→ Work task
Up to and including the line that holds "中國物流與采購聯合會、國家統", print the data exactly from its first line; do not print the pictures.

→ Supplied data

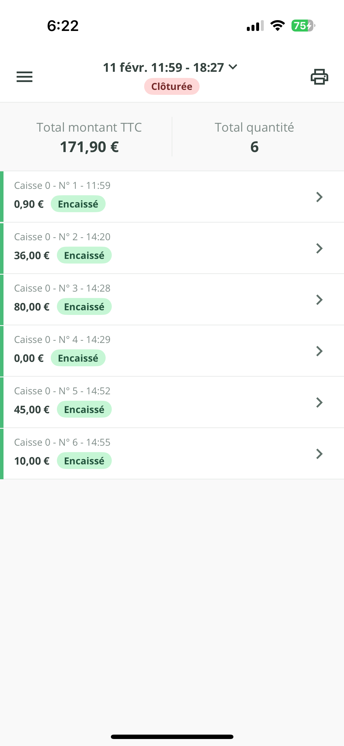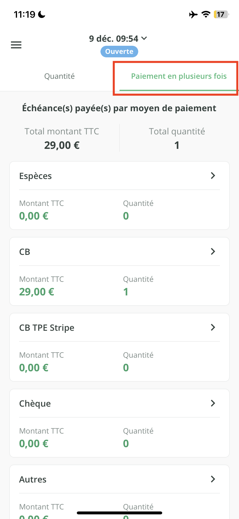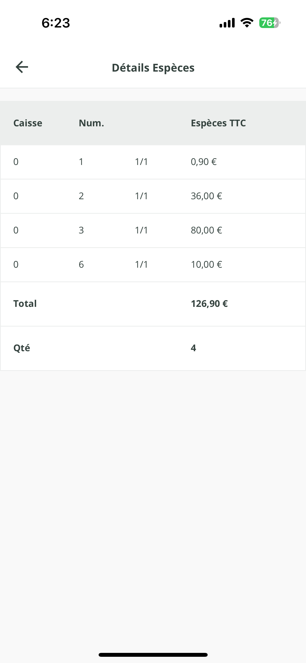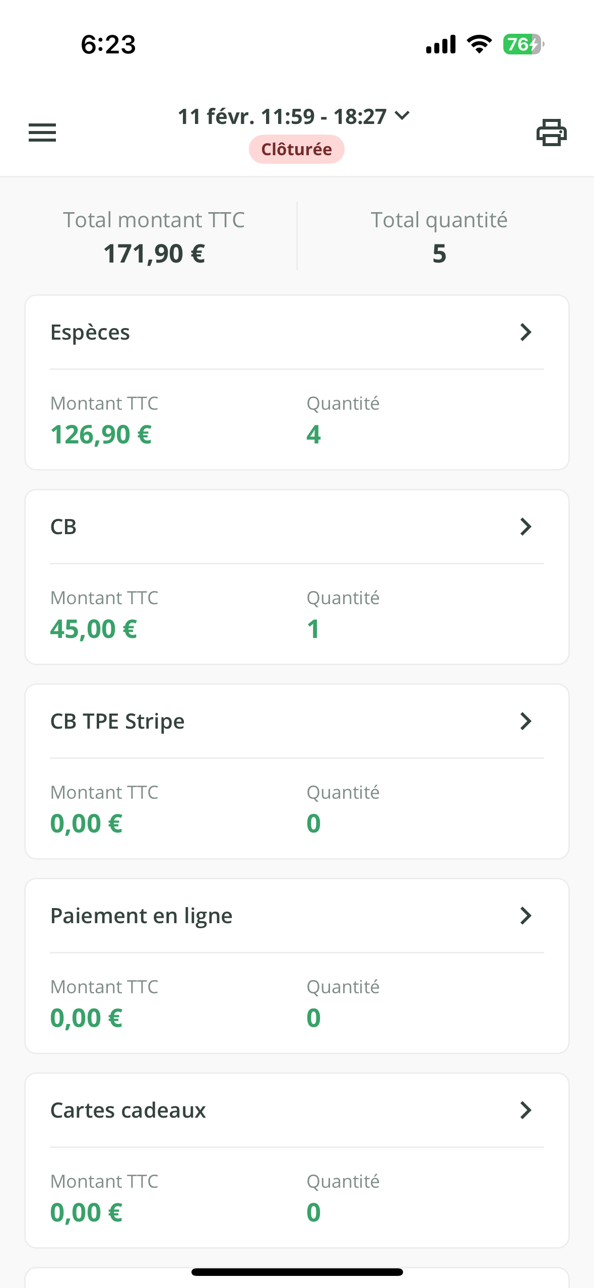- Sur cette page, retrouvez alors tous les paiements encaissés ou remboursés pendant la session de caisse. Ils sont triés par moyen de paiement.
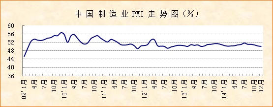 中國物流與采購聯合會、國家統計局服務業調查中心發布的2014年12月份中國制造業采購經理指數(PMI)為50.1%,較上月回落0.2個百分點,降幅收窄,反映出當前經濟下行態勢趨緩。從全年來看,制造業PMI平均水平50.7%,與前兩年平均水平基本相當,并未出現大幅下降,顯示經濟運行穩定性增強,增速處在適度合理區間。與此同時,就業形勢良好,節能減排成效顯現,經濟運行較為協調;結構調整加快,服務業和新興產業蓬勃發展,顯示經濟運行的平衡性明顯增強。綜合來看,新常態經濟平臺正在形成,2015年經濟運行有望轉平穩。
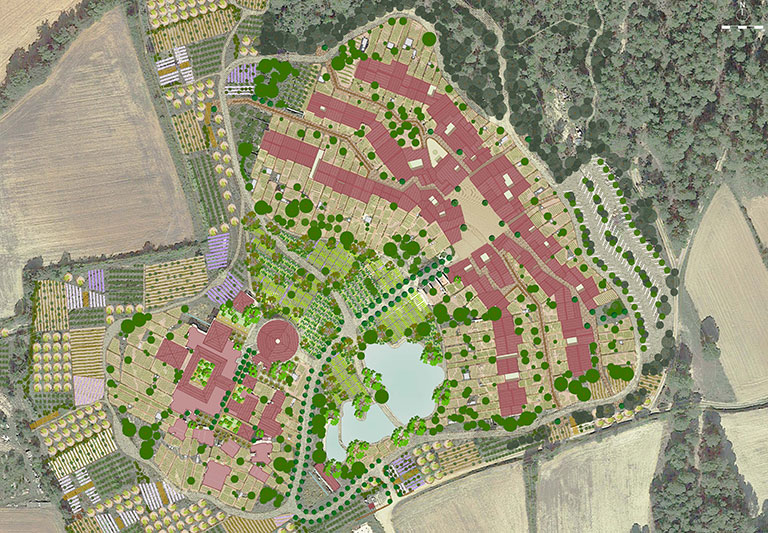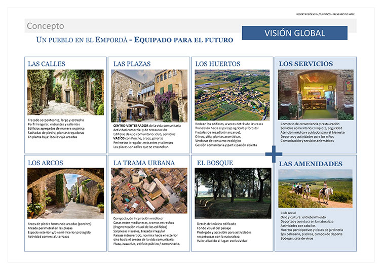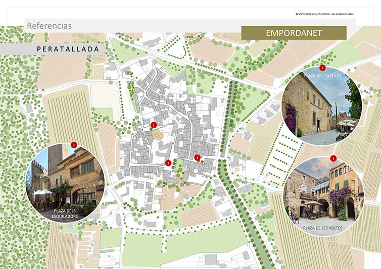 El conjunto será un pueblo con tipologías arquitectónicas inspiradas en núcleos urbanos antiguos del Empordanet, con materiales y las técnicas de construcción tradicionales y con criterios de ecodiseño.
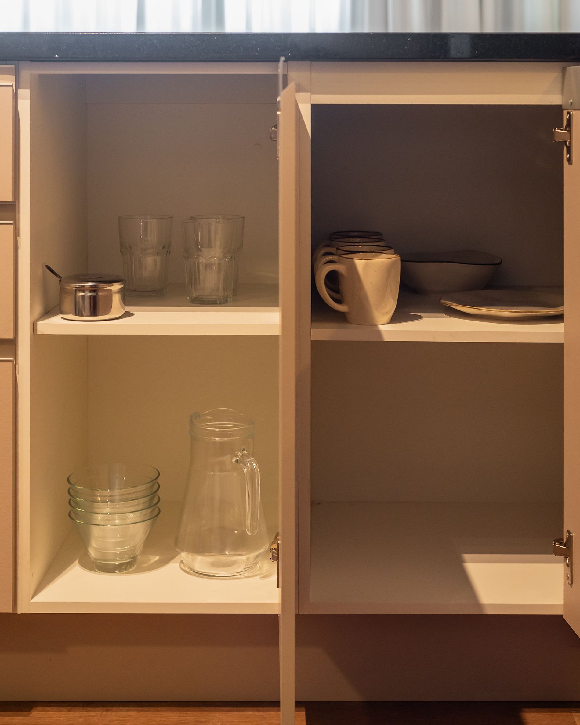 Cocina totalmente equipada con ollas, vasos, copas, vajilla, cubiertos y utensilios de cocina
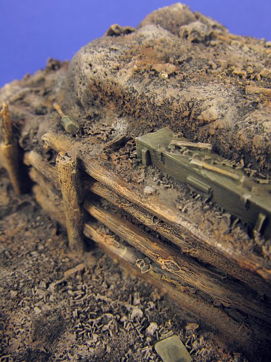 Марина Штей, на бруствере и под ним россыпь гильз, которые Вы покрасили под цвет земли.
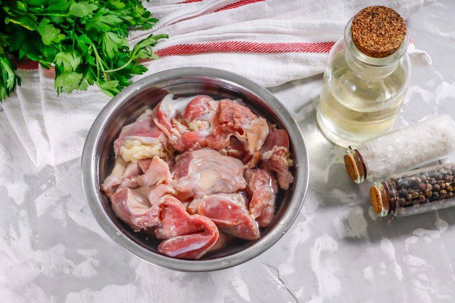 Желудки тщательно промойте в воде, вычистите их с обеих сторон от грязи.
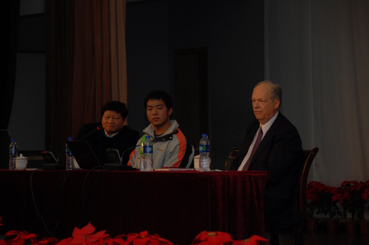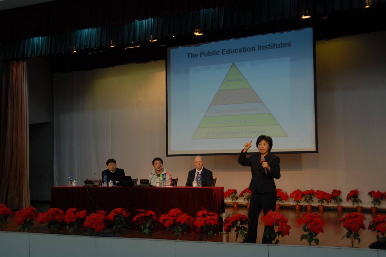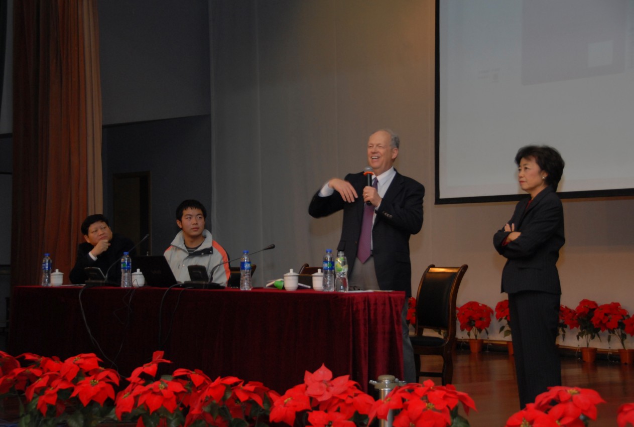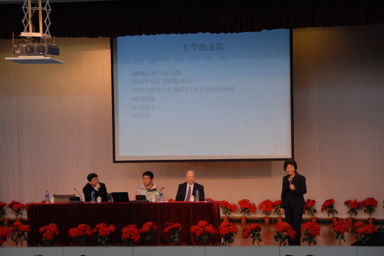 2012年11月30日下午16:00美国南加州大学教授张曼君(Marina Tse)女士和理查德•安德森(Richard Anderson)先生在南外报告厅为南外师生做了一场关于美国中学教育、高等教育体系及留学申请技巧》的精彩讲座。张曼君教授曾任职布什总统23位内阁之一的美国教育部副助理部长,相当于执行副部长、美国劳工部美西总长。理查德•安德森先生是美国好莱坞电影导演,世界著名电影特殊音效编导与设计专家,曾获奥斯卡金像奖。
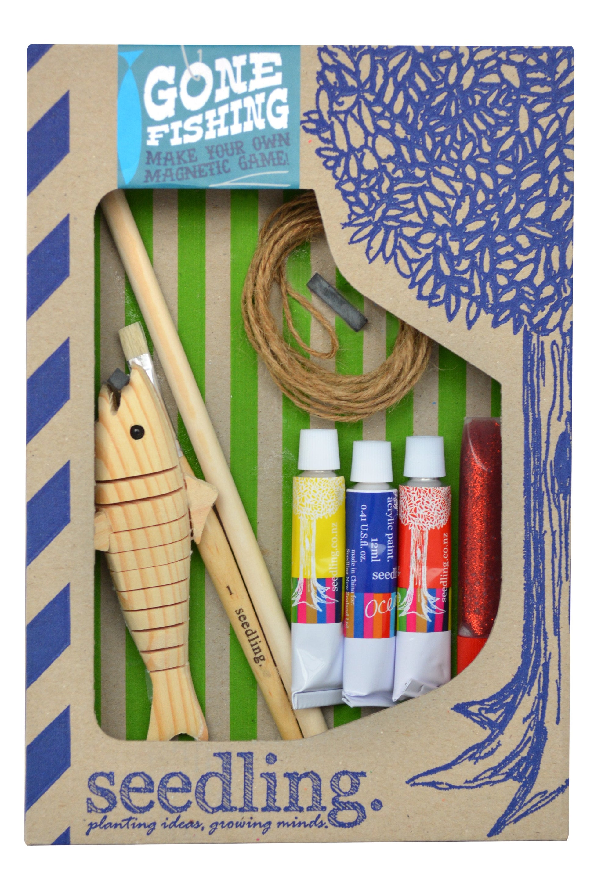 Get hooked on fun with this one-of-a-kind fishing kit! This DIY kit includes everything you need to design your own finned pal and create your own magnetic fishing game, including artist-quality acrylic paint, glitter, and a wooden fish and pole.
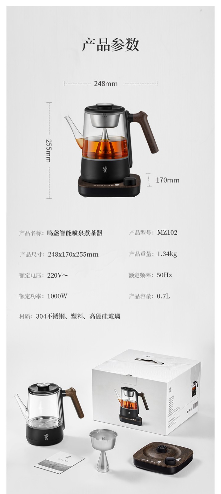 商品名称:(超运·禾贸)鸣盏煮茶器MZ102 智能喷泉煮茶器旋转喷淋蒸煮养生茶壶一键喷淋烧水可控温恒温保温电热水壶MZ102 智能喷泉煮茶器700ML
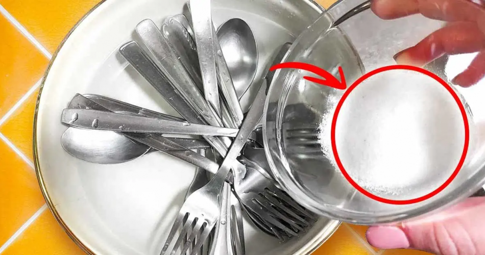 Geben Sie einfach 3 Esslöffel Backpulver in einen Behälter mit heißem Wasser und tauchen Sie Ihr schmutziges Besteck hinein. Einige Stunden einwirken lassen. Anschließend herausnehmen und mit klarem Wasser abspülen. Mit einem Tuch trocknen. Sie werden mit dem Ergebnis zufrieden sein!
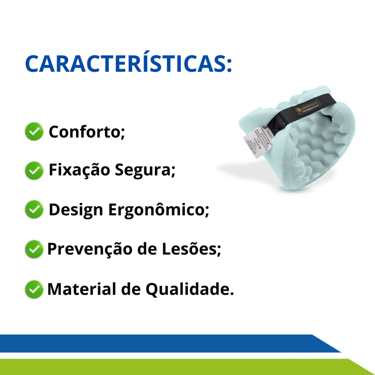 Conta com uma fita de fixação em tecido aderente, garantindo que o protetor permaneça no lugar, evitando deslizamentos e promovendo o ajuste perfeito para o usuário.
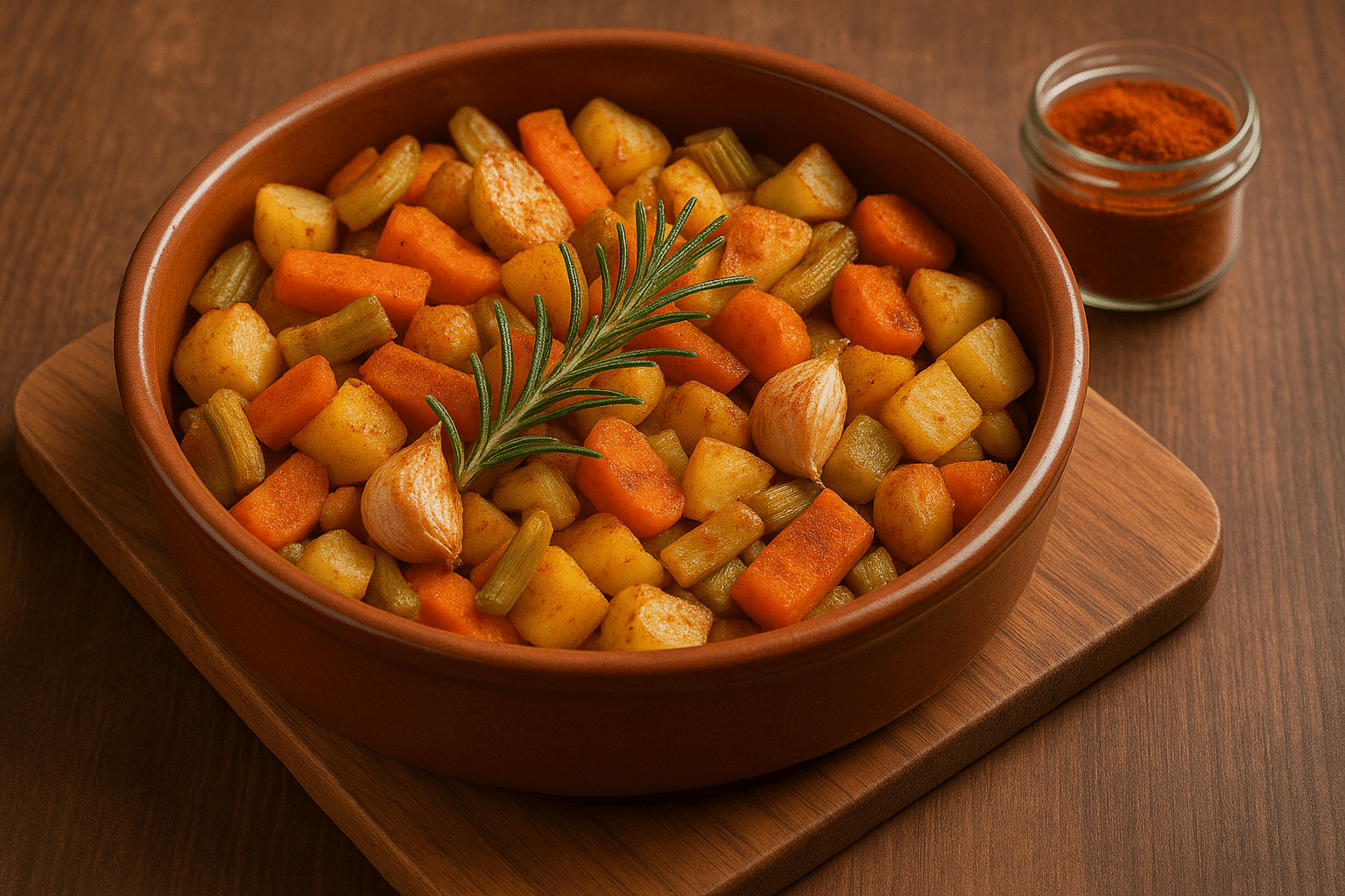 Émincé de légumes rôtis au paprika met à l’honneur la simplicité et la gourmandise. les légumes de saison rôtis au four, ce qui révèle leur douceur naturelle et leur fondant. Le paprika apporte une note légèrement fumée et épicée, qui rehausse la richesse aromatique de chaque bouchée.
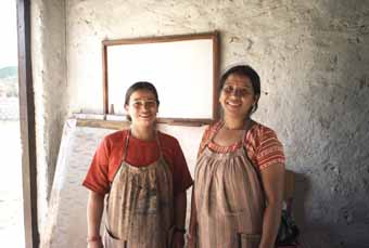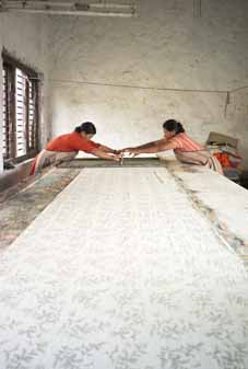 2007年1月。1年後の発表に向けて新しいプリントデザインをオーダーしました。それ以来、より良いプリントができるように、アシスタントのラクシュミさんと2人で、試行錯誤しながら頑張ってきました。今は2人でプリントをしていますが、近い将来、シャラダさんが、たくさんの女性たちを引っ張りながら、活気溢れる雰囲気の中、色鮮やかなプリントをしている様子が目に浮かびます。
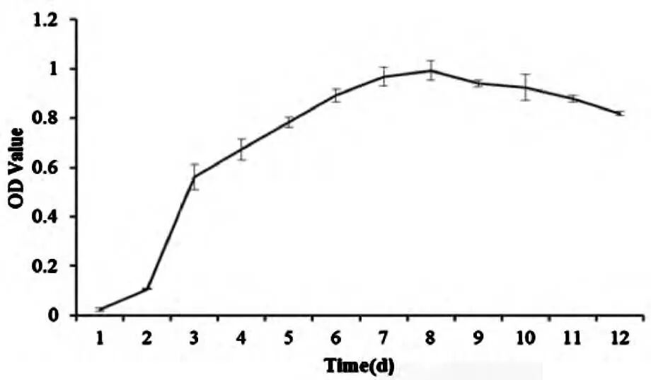 神经细胞活性检测采用MTS法,使用酶标仪在490nm波长下测光密度(OD值),OD值越高说明细胞活性越强。将10μL的MTS检测试剂加入到96孔板中,测定1、2、3、4……12d的神经细胞活性神经细胞活性。用酶标仪检测波长在490nm的吸光度值(OD值),OD值越高说明细胞活性越大。实验需重复3次,取5组孔,以OD值为纵坐标绘制海马神经元生长曲线。
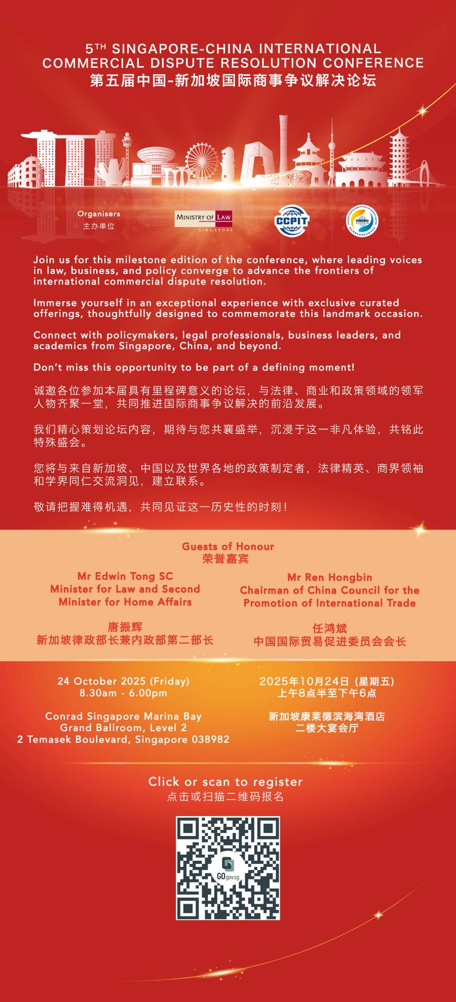 第五届中国-新加坡国际商事争议解决论坛将于2025年10月24日在新加坡举行!本届论坛由国际商事争端预防与解决组织、中国国际贸易促进委员会以及新加坡律政部共同主办。诚邀各位同仁共襄盛举,欢迎扫描海报下方二维码报名!
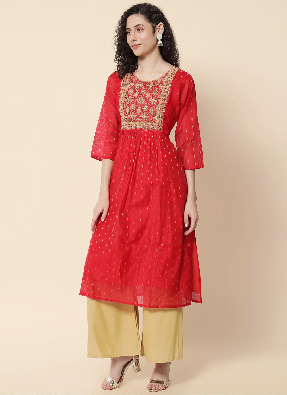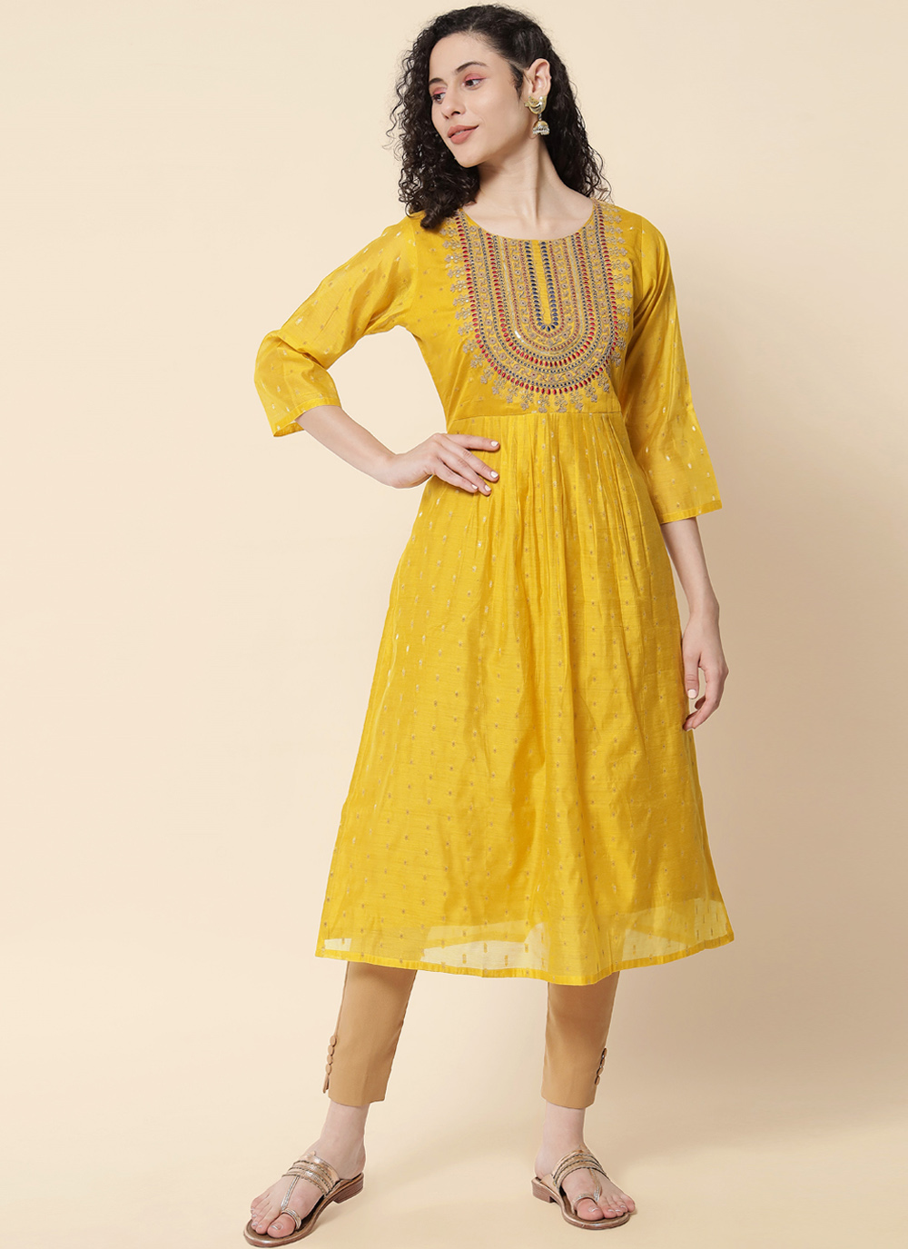 Chanderi Embroidered Yellow Trendy Casual Kurti
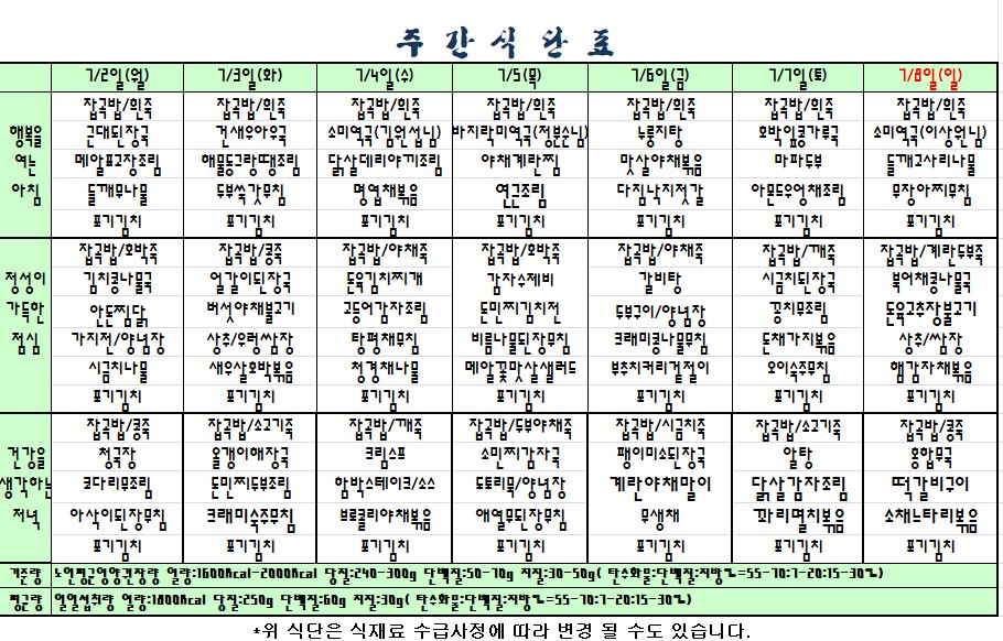 | 2018.07.02~07.08. 식단표 관리자2018-07-02조회수 3492 |
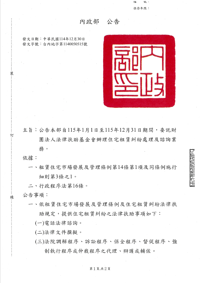 【公告】內政部委託財團法人法律扶助基金會自115年1月1日至115年12月31日期間,辦理住宅租賃糾紛處理及諮詢業務

→ Task result
- Sur cette page, retrouvez alors tous les paiements encaissés ou remboursés pendant la session de caisse. Ils sont triés par moyen de paiement.
 中國物流與采購聯合會、國家統計局服務業調查中心發布的2014年12月份中國制造業采購經理指數(PMI)為50.1%,較上月回落0.2個百分點,降幅收窄,反映出當前經濟下行態勢趨緩。從全年來看,制造業PMI平均水平50.7%,與前兩年平均水平基本相當,并未出現大幅下降,顯示經濟運行穩定性增強,增速處在適度合理區間。與此同時,就業形勢良好,節能減排成效顯現,經濟運行較為協調;結構調整加快,服務業和新興產業蓬勃發展,顯示經濟運行的平衡性明顯增強。綜合來看,新常態經濟平臺正在形成,2015年經濟運行有望轉平穩。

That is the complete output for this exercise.